A 39-year-old male with unilateral nasal obstruction and inverted papilloma. Axial T2 fat suppression (a) shows striations to good resolution better than post-gadolinium-enhanced images in (d). Axial diffusion and apparent diffusion co-efficient maps (b) and (c) showed variable apparent diffusion co-efficient values of 1.2–1.7 × 10-3 cm2/s. Axial computed tomography reveals smooth bony remodeling with mild scalloped smooth defect of resorption of postero-lateral wall of the maxillary sinus. Coronal computed tomography image shows marked expansion and bony rarefaction of the sinus walls including the walls at ostio-meatal unit, which is markedly, widened admitting gross nasal extension of the mass (f)

Fig. 2
figure2

A 45-year-old woman with unilateral nasal obstruction and proven nasal inverted papilloma. Axial T2-weighted fat suppression image (a) reveals convoluted type of striated pattern. A cystic lesion is seen not considered to interrupt the imaging signature and likely corresponds to histopathology finding of mucus retention cyst lined by glandular epithelium of the tumor. Axial diffusion and apparent diffusion co-efficient maps in (b) and (c), respectively, show average apparent diffusion co-efficient values of 1.5 × 10-3 cm2/s. Axial post-gadolinium-enhanced exam reveals nodular pattern of enhancement corresponding to enhanced glands of the retention cysts. Axial computed tomography (e) reveals smooth mass effect and mild rarefaction of posterior bony nasal septum and medial maxillary wall. Coronal computed tomography image (f) displaying focal cone-shaped hyperostosis with complete obstruction of the ostio-meatal unit shows smooth widening and no defects

Fig. 3
figure3

A 65-year-old female with bilateral nasal obstruction and epistaxis. Axial T2-weighted image (a) reveals bilateral bi-nasal inverted papillomas, showing linear divergent and multi-directional sclerosis. Axial diffusion and apparent diffusion co-efficient maps (a) and (b) reveal an apparent diffusion co-efficient of 1.5 × 10-3 cm2/s. Axial post-gadolinium-enhanced image (d) reveals striations less conspicuous than T2 images. Axial computed tomography image reveals smooth mass effect with linear sclerosis at turbinate wall, where striations are divergent in relation to the site of focal hyperostosis.
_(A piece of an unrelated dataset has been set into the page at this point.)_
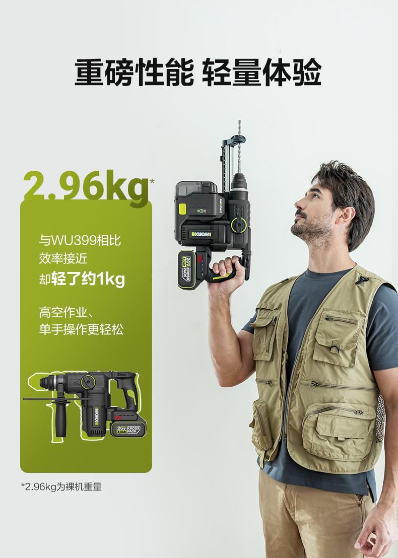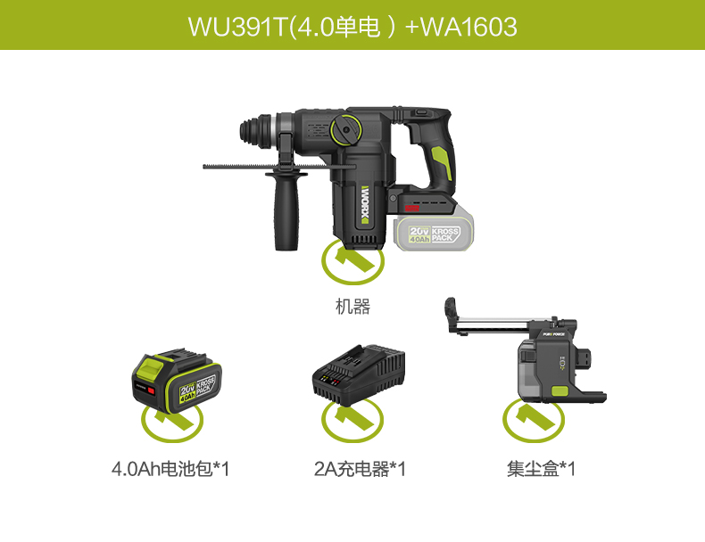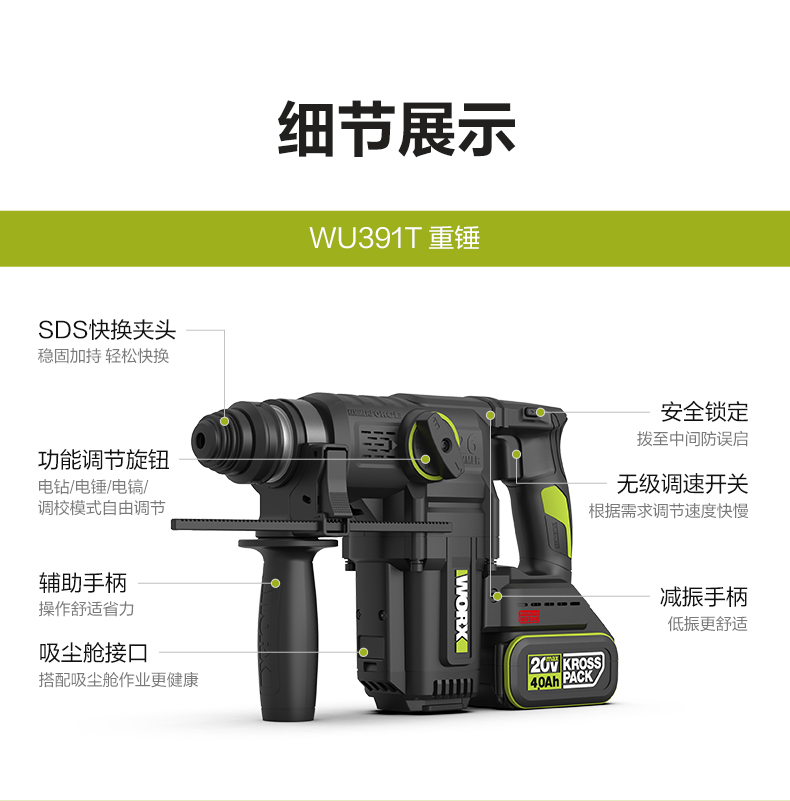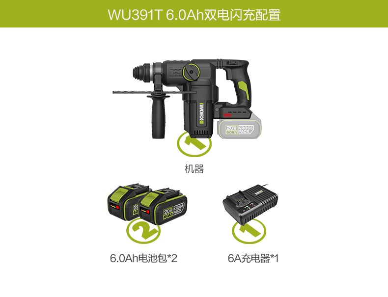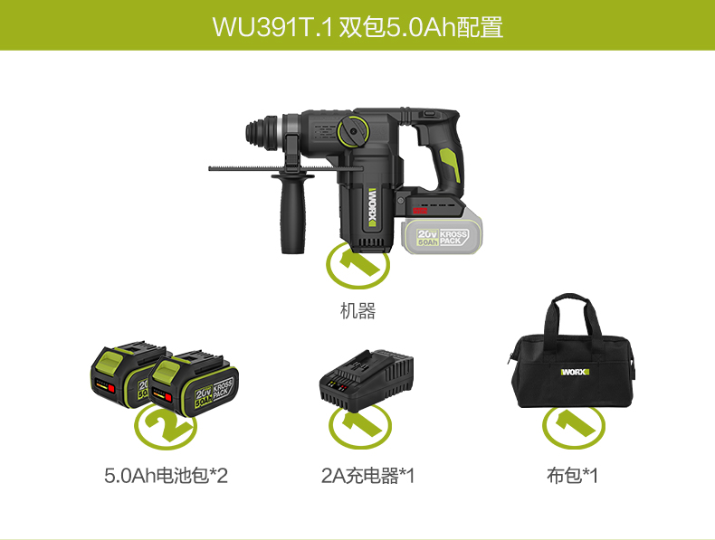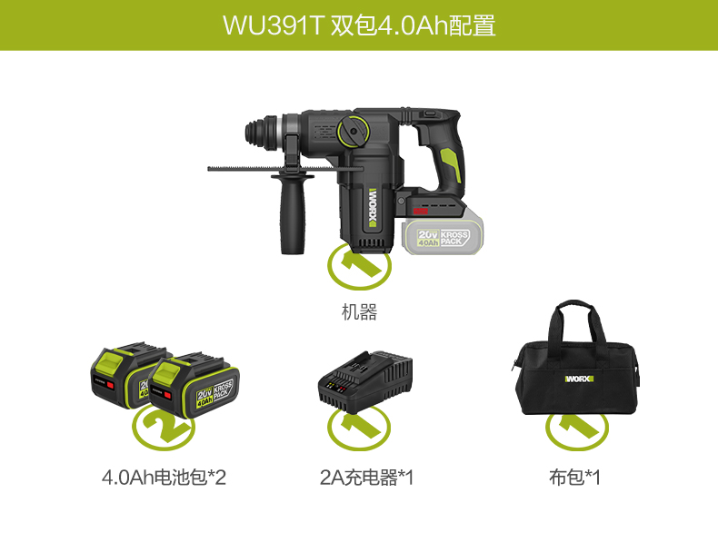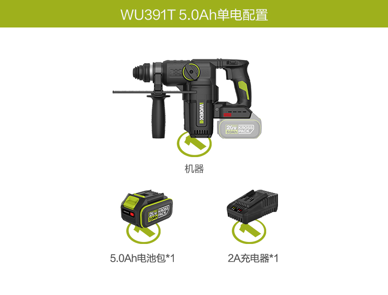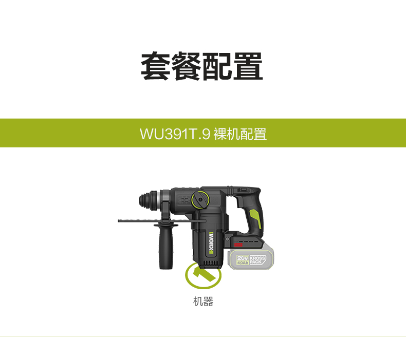 威克士20V 26mm 无刷重载电锤WU391T

Coronal computed tomography image (f) shows the nasal lesions to have considerable intra-antral extensions through widened ostio-meatal units and through rarefied medial wall, as well as through widened post-meatal accessory ostia

Fig. 4
figure4

A 52-year-old male presented with unilateral nasal obstruction and nasal inverted papilloma. Axial T2-weighted image reveals T2 linear divergent diffuse striations with T2 hypo-intensity with T2 ‘black-out’ (b) reflected by compact cellularity and low apparent diffusion co-efficient value measuring 1.1 × 10-3 cm2/s as seen in apparent diffusion co-efficient map (c). Axial post-gadolinium-enhanced image (d) reveals the striations to be more conspicuous than in T2 image. Axial computed tomography (e) reveals rarefied and widened post-meatal accessory ostium and smooth remodeling of medial maxillary sinus wall. Coronal computed tomography image shows sino-maxillary opacification continuous through smoothly widened ostio-meatal unit with smooth sclerosis of the middle turbinate wall

For the size and location preference, the lesion sizes ranged from 1.7 to 10.5 cm (mean, 6.2 cm), and the shape was lobulated in most of the patients (n = 10), smoothly oval in a single case (n = 1) and elongated in 4 cases (n = 1), while it was non-applicable in a single case filling the sinus cavity and not surrounded by secretions, so lesion margins could not be evaluated. Unilateral disease was predominant on the right side (n = 7) and on the left side (n = 4). Midline disease was reported in three cases (n = 3) with single-moiety sphenoid sinus disease (refer to Table 1).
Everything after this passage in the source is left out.